Они тогда легко оторвались от земли и, взявшись за руки, молча полетели. Ни слова, ни звука. Но… Как же она могла забыть, уничтожить на двадцать семь лет из памяти? Конечно же, безмолвно, даже не шевеля губами, он тогда зачем-то ей признался: «Я откуда-то знаю, что уже был здесь. Странно, но я был скульптором. Неудачным, кстати сказать. Еще и пил много. Почему я это знаю? Ты мне веришь, Вера?»

— Я верю тебе, Сашенька, — прошептала Вера, не сводя глаз с безликого бюста. — И многое теперь знаю. Знаю главное: душа твоя снова здесь. И я тебя сейчас увижу. Сейчас, подожди, пожалуйста, я успею!

Лучи снова кольнули внутри, а глаза чуть ослепила неожиданная яркость улицы. Цвели каштаны, и, оказывается, в Одессе царил апрель. Вера зажмурилась, глубоко вздохнула и снова открыла глаза.

 

Она шла быстро и уверенно. Улица — переулок — еще улица. У чудом сохранившихся старинных ворот, на которых красовались сплетенные в узор цифры «1», «8», «7», «7», стояла женщина с коляской. Женщина разговаривала по мобильнику. Пятимесячный мальчуган в голубой шапочке с вышитым золотистым львенком с любопытством выглядывал из своего уютного домика на колесах. Сначала его сине-серые глазенки остановились на старинных воротах с причудливыми цифрами, потом он повернулся к Вере.
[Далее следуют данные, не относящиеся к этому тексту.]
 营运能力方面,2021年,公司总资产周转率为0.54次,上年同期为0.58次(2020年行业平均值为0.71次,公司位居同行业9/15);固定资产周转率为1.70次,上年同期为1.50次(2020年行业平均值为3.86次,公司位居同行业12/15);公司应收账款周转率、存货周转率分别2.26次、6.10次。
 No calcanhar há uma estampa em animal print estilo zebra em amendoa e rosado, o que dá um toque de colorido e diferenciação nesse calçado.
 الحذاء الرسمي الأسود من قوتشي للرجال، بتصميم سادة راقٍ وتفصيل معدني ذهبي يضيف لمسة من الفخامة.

Они улыбнулись друг другу. Вера облегченно вздохнула, а мальчик засмеялся. Когда мама повезла коляску дальше, малыш закрутил головой: ему очень захотелось еще раз порадоваться тете в белом халате.
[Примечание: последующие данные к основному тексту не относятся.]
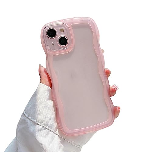NOGRAX Cabina telefonica per iPhone 15 14 13 12 11 PRO Max Mini XS Se 7 8 Plus Caso Carino Trasparente Curly Wave Ibrido Shock Affrotta del Paraurti Cover Soft Funda-per iPhone 14Pro Max,Rosa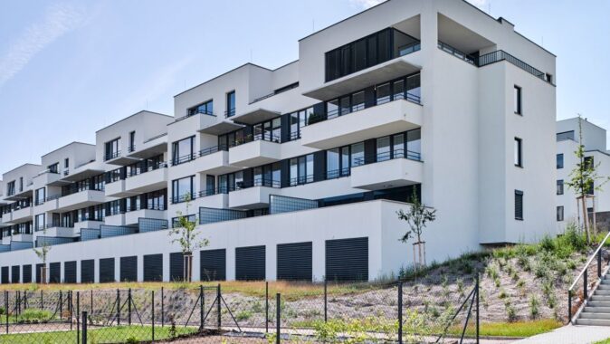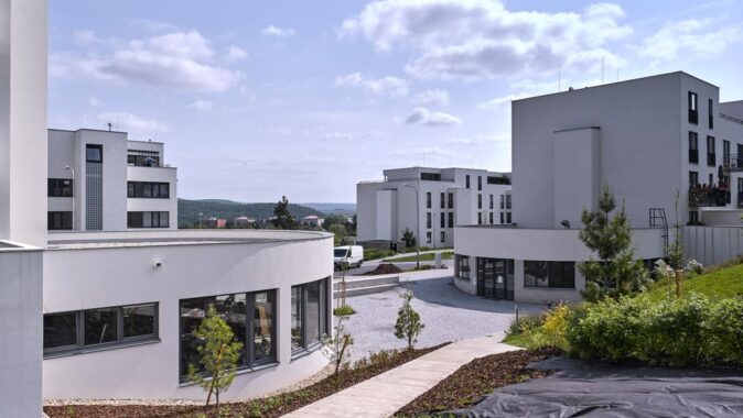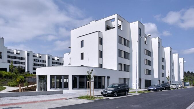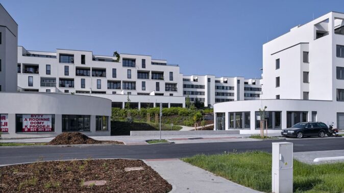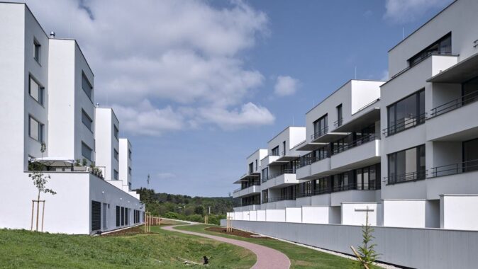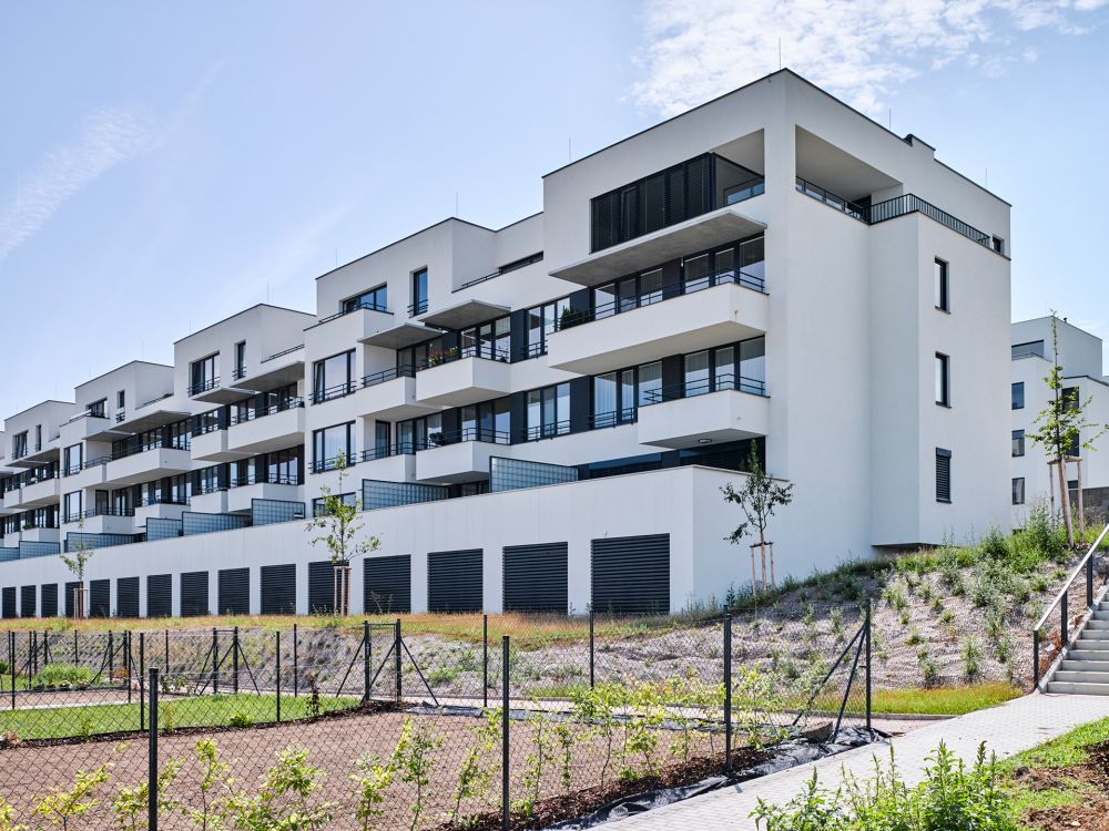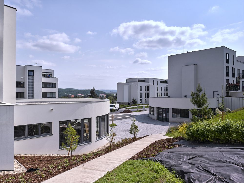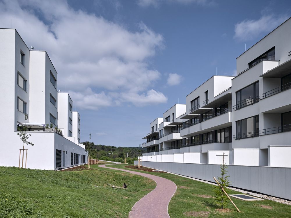 Obytný soubor leží na rozhraní města a příměstské krajiny, svažuje

Женщина с коляской скрылась в глубине улицы, а Вера услышала музыку. К лучу внутри нее прибавился еще один. И еще один. И еще. Они словно исполняли какой-то танец. Она снова сделала глубокий вдох. Без усилий, легко апрельский воздух будто входил в нее сам собой.

 

Вера почувствовала: сейчас все вернется. Совсем-совсем по-другому, но вернется. Значит, сейчас заболит? Вера не просто прислушалась — погрузилась в себя: все внутри так переполнилось легчайшими переливами теплого апрельского ветра, что для боли места там уже не осталось.